PROBLEM
Leave out pictures; repeat exactly the lines from the "شکل ۲: نمایی از منطقه ژئوتوریستی نیر" line through the last of the data below.

*** Opening RECORD EXTRACTS ***

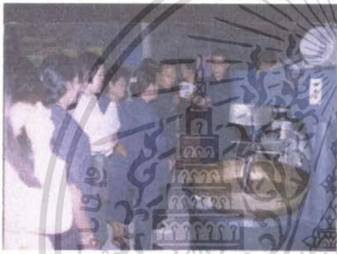
การศึกษาดูงานของกลุ่มแม่บ้านฯ
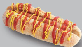
ホットドッグ HOT DOG 580
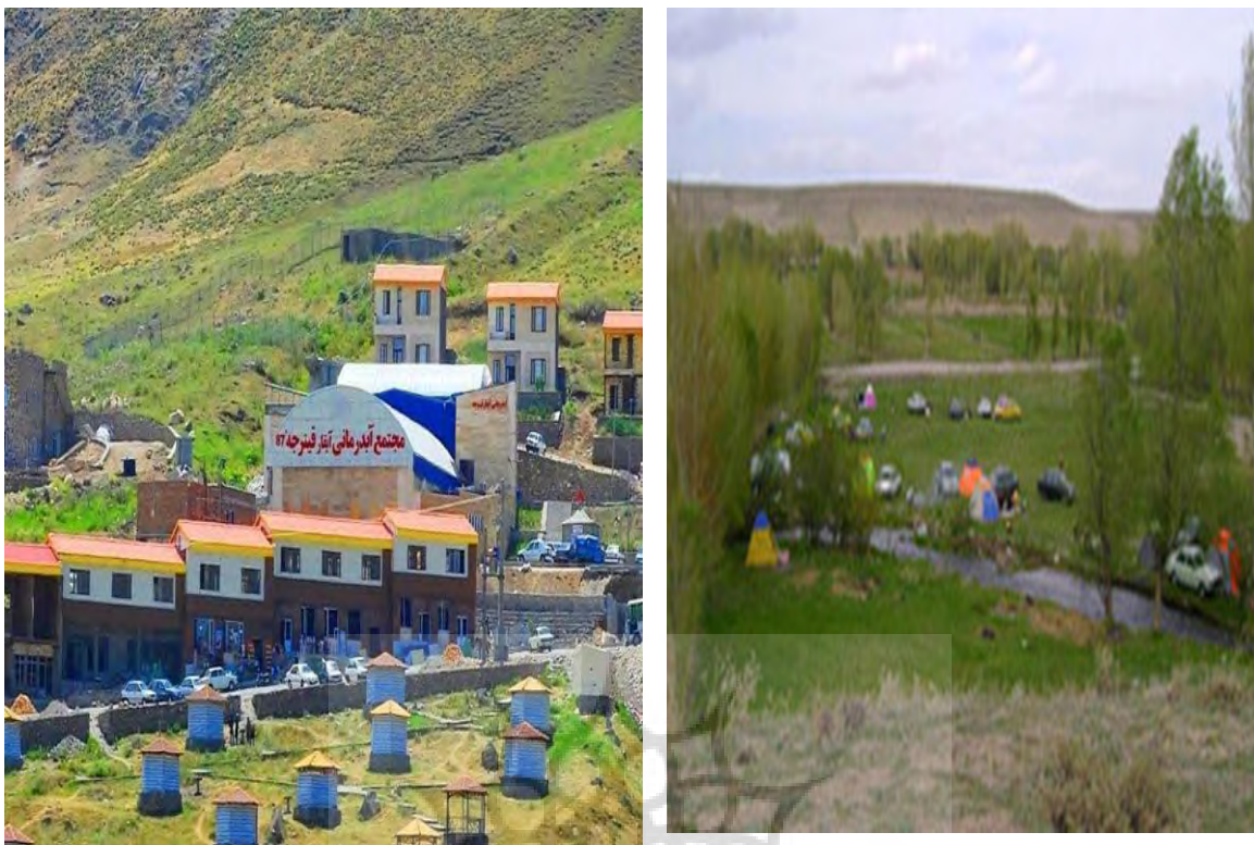
شکل ۲: نمایی از منطقه ژئوتوریستی نیر
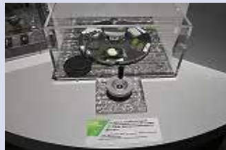
光を当てて鉱物の違いを観察
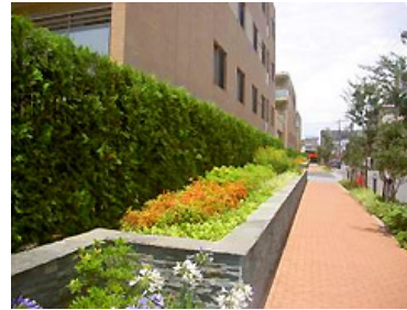
壁面後退部とフェンスの緑化(2)

*** Closing RECORD EXTRACTS ***

FINISHED EXERCISE
شکل ۲: نمایی از منطقه ژئوتوریستی نیر
光を当てて鉱物の違いを観察
壁面後退部とフェンスの緑化(2)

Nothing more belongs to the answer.